• DATA TO EXAMINE
Start of Block

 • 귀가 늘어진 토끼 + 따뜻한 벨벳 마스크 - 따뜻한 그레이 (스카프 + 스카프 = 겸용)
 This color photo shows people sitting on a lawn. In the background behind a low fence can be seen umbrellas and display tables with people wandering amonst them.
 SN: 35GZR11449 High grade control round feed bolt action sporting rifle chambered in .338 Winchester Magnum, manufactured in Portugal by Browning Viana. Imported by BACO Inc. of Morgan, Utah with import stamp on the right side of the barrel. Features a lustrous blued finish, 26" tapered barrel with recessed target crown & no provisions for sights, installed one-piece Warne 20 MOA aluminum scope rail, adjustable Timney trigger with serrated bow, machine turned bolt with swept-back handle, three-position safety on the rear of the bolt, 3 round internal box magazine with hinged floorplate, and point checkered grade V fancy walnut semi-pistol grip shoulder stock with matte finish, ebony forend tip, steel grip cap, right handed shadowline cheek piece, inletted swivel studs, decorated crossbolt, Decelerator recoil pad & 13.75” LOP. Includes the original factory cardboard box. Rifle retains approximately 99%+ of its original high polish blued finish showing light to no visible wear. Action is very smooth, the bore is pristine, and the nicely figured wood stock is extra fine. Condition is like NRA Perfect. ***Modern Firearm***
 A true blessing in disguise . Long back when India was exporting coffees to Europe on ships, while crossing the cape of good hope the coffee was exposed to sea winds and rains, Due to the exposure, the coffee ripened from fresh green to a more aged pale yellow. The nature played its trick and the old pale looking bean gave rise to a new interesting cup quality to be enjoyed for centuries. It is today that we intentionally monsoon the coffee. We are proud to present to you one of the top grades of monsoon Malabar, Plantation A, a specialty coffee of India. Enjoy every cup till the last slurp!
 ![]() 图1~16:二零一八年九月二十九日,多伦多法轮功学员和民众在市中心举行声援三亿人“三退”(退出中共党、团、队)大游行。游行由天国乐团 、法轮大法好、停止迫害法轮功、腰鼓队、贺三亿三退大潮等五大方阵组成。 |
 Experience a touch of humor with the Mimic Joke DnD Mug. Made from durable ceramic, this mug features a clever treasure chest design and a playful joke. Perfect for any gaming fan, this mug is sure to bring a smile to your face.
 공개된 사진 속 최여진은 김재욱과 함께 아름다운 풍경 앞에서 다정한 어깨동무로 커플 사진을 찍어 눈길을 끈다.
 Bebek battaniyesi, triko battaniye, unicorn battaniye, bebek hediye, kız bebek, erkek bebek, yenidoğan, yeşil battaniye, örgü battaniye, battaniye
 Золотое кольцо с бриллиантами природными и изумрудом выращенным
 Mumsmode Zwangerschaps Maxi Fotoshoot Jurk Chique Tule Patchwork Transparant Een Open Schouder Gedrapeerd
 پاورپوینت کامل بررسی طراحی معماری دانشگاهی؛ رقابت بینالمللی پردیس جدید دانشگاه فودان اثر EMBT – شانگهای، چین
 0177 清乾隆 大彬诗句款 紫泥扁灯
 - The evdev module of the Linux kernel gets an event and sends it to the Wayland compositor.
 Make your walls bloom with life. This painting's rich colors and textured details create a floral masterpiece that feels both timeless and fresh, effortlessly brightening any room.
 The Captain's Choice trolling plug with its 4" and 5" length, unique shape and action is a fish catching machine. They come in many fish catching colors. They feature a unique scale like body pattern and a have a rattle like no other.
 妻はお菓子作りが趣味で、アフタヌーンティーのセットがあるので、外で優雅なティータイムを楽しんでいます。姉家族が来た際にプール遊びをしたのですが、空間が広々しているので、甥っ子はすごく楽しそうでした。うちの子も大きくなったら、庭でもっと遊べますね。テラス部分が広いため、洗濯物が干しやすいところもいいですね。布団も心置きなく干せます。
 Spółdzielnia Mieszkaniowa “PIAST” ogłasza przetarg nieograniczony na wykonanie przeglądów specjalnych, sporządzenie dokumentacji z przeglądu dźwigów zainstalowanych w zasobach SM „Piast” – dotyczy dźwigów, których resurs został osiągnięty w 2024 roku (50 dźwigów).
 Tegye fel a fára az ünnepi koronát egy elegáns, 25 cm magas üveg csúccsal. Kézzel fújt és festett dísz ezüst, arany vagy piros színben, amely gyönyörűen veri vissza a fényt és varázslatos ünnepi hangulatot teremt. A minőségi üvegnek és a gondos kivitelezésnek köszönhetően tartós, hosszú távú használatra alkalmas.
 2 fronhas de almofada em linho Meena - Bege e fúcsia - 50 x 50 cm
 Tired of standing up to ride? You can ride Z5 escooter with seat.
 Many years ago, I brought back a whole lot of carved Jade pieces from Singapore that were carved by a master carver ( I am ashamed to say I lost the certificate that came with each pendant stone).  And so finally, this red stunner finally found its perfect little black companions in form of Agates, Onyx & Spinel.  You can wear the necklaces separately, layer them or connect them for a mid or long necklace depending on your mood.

End of Block

Go to the line in the material above that contains "0177 清乾隆 大彬诗句款 紫泥扁灯" and copy exactly from there through the line that contains "妻はお菓子作りが趣味で、アフ", stopping after it.

 0177 清乾隆 大彬诗句款 紫泥扁灯
 - The evdev module of the Linux kernel gets an event and sends it to the Wayland compositor.
 Make your walls bloom with life. This painting's rich colors and textured details create a floral masterpiece that feels both timeless and fresh, effortlessly brightening any room.
 The Captain's Choice trolling plug with its 4" and 5" length, unique shape and action is a fish catching machine. They come in many fish catching colors. They feature a unique scale like body pattern and a have a rattle like no other.
 妻はお菓子作りが趣味で、アフタヌーンティーのセットがあるので、外で優雅なティータイムを楽しんでいます。姉家族が来た際にプール遊びをしたのですが、空間が広々しているので、甥っ子はすごく楽しそうでした。うちの子も大きくなったら、庭でもっと遊べますね。テラス部分が広いため、洗濯物が干しやすいところもいいですね。布団も心置きなく干せます。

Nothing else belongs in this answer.